To that end, as reported this week, and as noted by PYMNTS on Monday (Oct. 19), order-to-cash solutions provider Billtrust and SPAC South Mountain Merger Corporation said they would merge in a deal that would bring Billtrust public.
As reported, the implied valuation of the yet to go public group (slated for a reported 2021 listing) stands at $1.3 billion, as measured through enterprise value. The firm will be known as BTRS Holdings and will trade on the tech-heavy NASDAQ exchange.
Separately, payments processor Paya made its own SPAC-driven debut on the public exchanges Monday. The listing came in the wake of a merger with another SPAC, FinTech Acquisition Corp. III. The stock (ticker is PAYA), was up a bit more than 6 percent headed into the close at roughly $12.50.
Not a bad showing, relatively speaking, when markets were down about 150 basis points on the day.
But one wonders if we’re headed toward some speed bumps.
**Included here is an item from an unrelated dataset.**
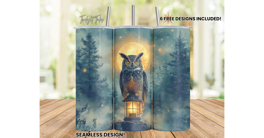 Wise Owl Magical Lantern 20 oz Skinny Tumbler Sublimation Design, Wizard Owl Digital Download PNG In
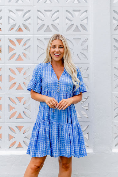 Above the Knee Length V Neckline Short Flowy Sleeves Buttons from Bust Down Attached Tie-up Around Collar 55% Rayon/45% Polyester All sizing is in...

As noted in this space previously, SPACs comprise roughly 20 percent of the IPO market.
SPACs are blank-check development-stage shell companies that only exist to enable companies go public, at which time a reverse merger happens with a private firm.
Stats compiled by SPAC Insider show that, year to date, there have been 143 SPAC transactions, with gross proceeds of roughly $55.1 billion, with an average deal size of $385.5 billion. That dwarves the 2019 tally of 59 deals for gross proceeds of $13.6 billion, with an average deal size of $230.5 million.
That type of traction, and enthusiasm for this investment vehicle, speaks to a market that has been buoyant, in general, even in the wake of the pandemic. But eyeballing the latest spate of returns from a smattering of names that have gone public this year alone, annualized rates of return from names that have gone public since late July average more than 33 percent, via SPAC Insider data, while the broader markets have returned high single digit percentage points.
We are not singling out any of the individual issuers here or sectors. As is germane to the payments space, the pivot toward electronic payments and contactless transactions is an inexorable one. And investors — private and public alike — like to see seismic shifts that result in top line growth.
But the risks that come with any hot sector — categorized by that old acronym FOMO (fear of missing out) — may be pronounced. As prices rise (that would be the acquisition prices), the implication is that it may be harder for SPACs to find attractive targets. And if no deals materialize, or if investors do not approve of the deals that are proposed, then that means SPACs may opt to return investors funds — after a hunt that could conceivably span a year or two. In addition some of the most nascent firms that catch SPACs’ eyes may have rather limited operating histories … which makes valuation (beyond sales multiples) difficult.
Getting in on the ground floor, as SPAC IPOs shoot skyward, looks more like grabbing onto a fast-moving elevator, with hopes that no one reverses course too quickly.